# Why We Keep Doing This.....



## Slanks (Feb 21, 2009)

We have a large yard display with a couple dozen pneumatics and even more static props. Setup began 9/27 and we have been operating all month. By this time, we are pretty tired maintaining everything while fighting the elements as well as maintaining our day lives. It's the time of year when we question if all the work is worth it or maybe it is time to scale back or even move on entirely. Stamp collecting starts to look pretty inviting....

Then, last night I went outside and a 6 year old girl ran up to me and pressed a piece of paper and a candy bar into my hand. I read the paper and it was a Thank You note, written by her, thanking us for decorating our yard! Her father said she had wanted to thank us and give us candy!

That's the kind of stuff that keeps us going!!!


----------



## Irish Witch (Sep 24, 2012)

awww thats so sweet, you can always trust kids to tell you the truth and brighten your day


----------



## spinwitch (Jun 14, 2009)

We do it because we create magic. I have other hobbies, but only this one get that special awed look in other people's eyes (children and adults alike).


----------



## jaege (Aug 23, 2009)

spinwitch said:


> We do it because we create magic. I have other hobbies, but only this one get that special awed look in other people's eyes (children and adults alike).


We are the magic makers and we are the dreamers of dreams...


----------



## plutotek (Oct 25, 2012)

Yes, it's the little girl that rides her bike in front of the house for a month just to see what may happen in our yard even though she never comes around any other time, or it's the little boy that sees we don't have the display up and is worried that we won't get it done in time. It's also the adults that keep making the numerous surreptitious drive-by to see what's going on this year.

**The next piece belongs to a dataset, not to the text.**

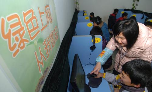 2月3日,安徽省合肥市绿色上网辅导员史坤指导孩子文明上网。新华社记者 刘军喜摄 资料图片

It is for those, and that omnipresent screaming at the slightest sound, that we do this. Now, it's time to put on my make-up. 

HAPPY HALLOWEEN!!!


----------



## Night Watchman (Aug 15, 2009)

jaege said:


> We are the magic makers and we are the dreamers of dreams...


Thats pretty cool Jaege!


----------



## bleigh (Sep 2, 2012)

That is what its all about.


----------



## goneferal (Sep 8, 2010)

So few tonight. I agonized over the details and electronics this year. I got the usual "this is amazing" comments from 10 people. But no new folks the next year. I am really bummed out this year. The Mr. didn't contribute at all.


----------



## MommaMoose (May 15, 2010)

For the "This is our favorite house, we save it for last because the rest don't measure up" comments or the little girl that was to afraid to come into the yard proudly marches up and give you a hug because she is no longer scared.


----------



## ruafraid (Jan 3, 2006)

We had several comments from kids tonight. "this is the "scariest" yard on the street" another said "many of us just come down here to the dead end just to get to your yard" one lady said "this was her favorite yard every year". Yes that is what makes magic ! and we only get about 35 -45 TOT's but they love it ! In a neighborhood of 450 homes I know of only 1 other that decorates similar to the way we do ! went and checked it out and its great to see others share the passion. Happy Halloween everyone


----------



## pagan (Sep 9, 2009)

I wasnt really even going to set up this year.. Just post a bucky at the door with a plaque saying "took the year off" or some lame crap. Too much time training this year and didnt really have any motivation. My wife persuaded me (kicked me in the butt) to set up. I am glad we did, even for the 25 or so ToT who came through. They reminded me of why we drag our sets out every year and agonize over lighting, sound, fog, etc.


----------



## zombastic (Aug 27, 2012)

Because I'm just a big kid. It's all about the fun. We got lots of compliments tonight, usually right after I scared the crap out of them.


----------



## MildAvaholic (Aug 11, 2009)

Had about 90 TOT'ers and their parents. So about 150. Nothing but positive comments, and a few aquaitances that made their way here and marvelled at what they had only heard of. Definately made my night. Plus the guy who brought his wife back to look at the display - he happens to be the son of the guy who built the subdivision. I probably break every HOA rule for Halloween, but NEVER get a bad word said. Good night, after all was said and done. Only blew the circuit breaker twice!!


----------



## Otaku (Dec 3, 2004)

Slanks, that made my day...that's who we do this for, isn't it?

Happy Halloween, all!


----------



## Offwhiteknight (Sep 17, 2008)

I got to experience that last night. Neighbors who made a point of coming over to introduce themselves and say how much they liked and appreciated the display, other neighbors who told me their kids made them drive up my street so they could see my display on their way home from school, kids who were actually worried/scared by the display, all the positive comments, the amazement from people when you tell them it was handmade and not store bought, all the families who stopped to take pictures of my display, with or without their kids in the foreground. 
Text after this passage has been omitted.